No, this has nothing to do with Bill Clinton. We’re talking about the other Monica — former Justice Department lawyer Monica Goodling, one of our favorite personalities here at ATL.
Over the weekend, the New York Times published the best article we’ve read in a long, long time. Check it out (annotations ours):
Now this is the point in the post where we should start highlighting the best parts of Eric Lipton’s article, followed by mildly snarky quips. But the entire piece is so delicious that it would be wrong to pick out excerpts. Please read the whole thing for yourself, by clicking here.
Okay, are you done? Great. Discussion continues after the jump.
As for commentary, some of you already had some very funny things to say. Do a “find” for “Monica” in the comments to this post. Here are our three favorites:
1. From Anonymous, May 12, 12:17 PM:
O M G.
Monica vetoed HIP-HOP MUSIC in a Puerto Rican ad against gun crime? She put fabric mu-mus over the boobies on those statues? What a trainwreck!
Honestly, I love people who are deeply religious AND extremely well-educated. But … letting IGNORANT religious people set Justice Department policy is really, really scary.

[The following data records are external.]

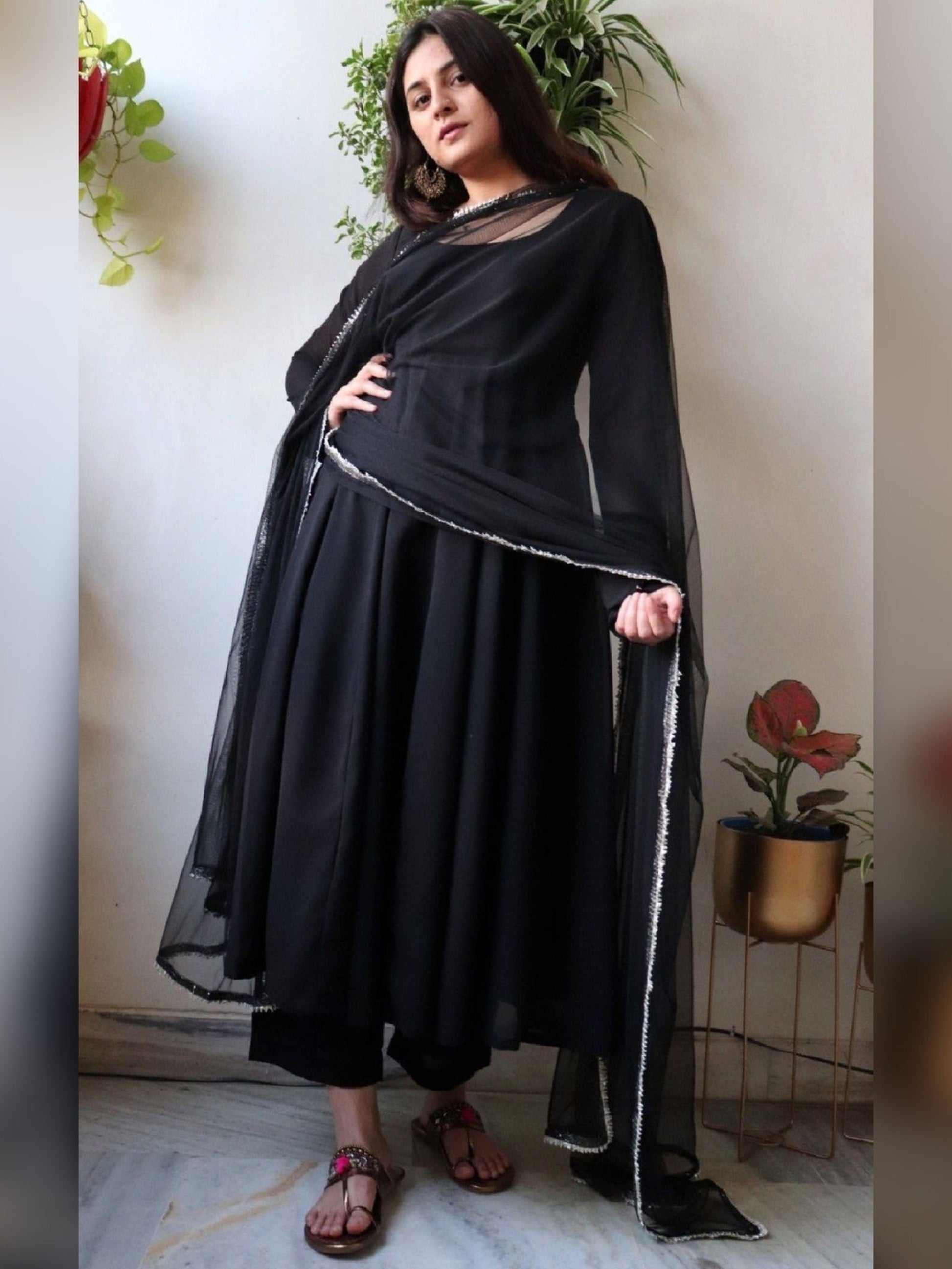 Solid Black Gher Style Cotton Kurta Pant With Dupatta
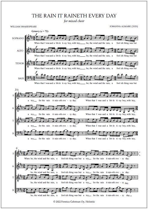 Johanna Almark - singer, orchestra and choral conductor, composer, arranger and violinist - is one of Finland's most versatile musicians. "The rain it raineth every day" is a swinging 21st century madrigal for mixed 5-part choir, set to Feste's song from the The Twelfth Night by William Shakespea... Lue lisää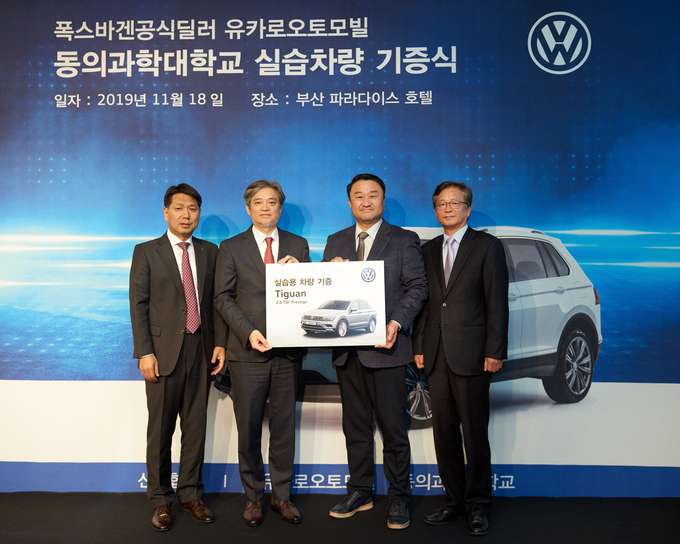 [오토모닝 정영창 기자] 폭스바겐코리아 공식딜러 유카로오토모빌이 지난 18일 부산 동의과학대에 티구안 2.0 TDI 프레스티지 차량과 실습 교재를 기증했다.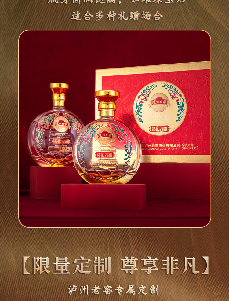 泸州老窖雁塔祈福福运双禧浓香型白酒500ml*2瓶礼盒装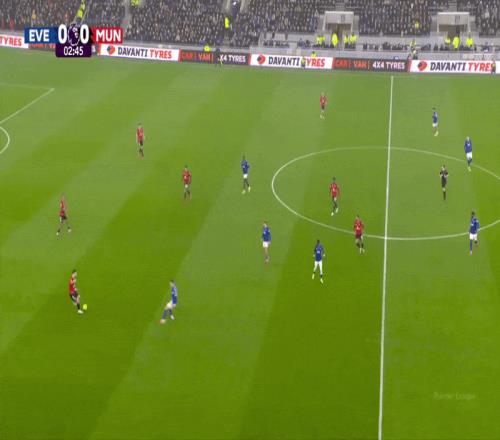 曼联前场四人组的自由度帮助球队将球推进到前场,如下面二月的1比0战胜埃弗顿的例子所示。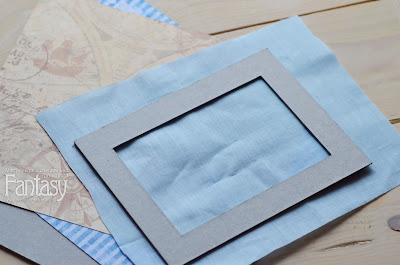 А из ткани вырезаем лоскут по размеру чуть больше нашей заготовки для рамочки:

2. From “Monica Goodling,”, May 12, 12:35 PM:
Everyone knows that the teenagers of Puerto Rico respond best to John Ashcroft’s warbling rendition of his hit “Let the Eagle Soar” in advertising campaigns. Trust me — I grew up on the mean streets of Central Pennsylvania. You know how we do.
Now, if you’ll excuse me, I need to go work on my latest Justice Department employee applicant questionnaire.
Question #1: Have you ever masturbated, and if so, did you beg our Lord Jesus Christ’s mercy and forgiveness in tears afterwards? Explain.
3. From Anonymous, May 12, 12:51 PM:
See, I actually feel really bad for this Monica chick.
I really think it’s the fault of the people who hired her. She was young, dumb, and went to Regent Law. She had no idea what she was doing and how to approach her position, and seems to have misguidedly been doing “the Lord’s work” . . . but at the Justice Department. And nobody seems to have been steering the ship above her.
It’s like hiring a hamster to do your taxes. Should you be shocked when your return hasn’t been filed properly and there’s pellets of shit everywhere you have to clean up? No.
We concur with comment #3. And we’d also point out that the article vindicates our original decision to praise Monica Goodling as a DOJ diva (despite that out-of-character, one-time crying fit).
The piece makes abundantly clear that Goodling made aggressive efforts to reshape the Department of Justice in the image of, well, Regent University. Was this completely misguided, grossly improper, and possibly illegal? Maybe. But it does show that Goodling is a high-powered, strong-willed female — a diva with a capital “D.”
Monica, we apologize for briefly doubting you. You have been restored to that special place in our heart. We love you!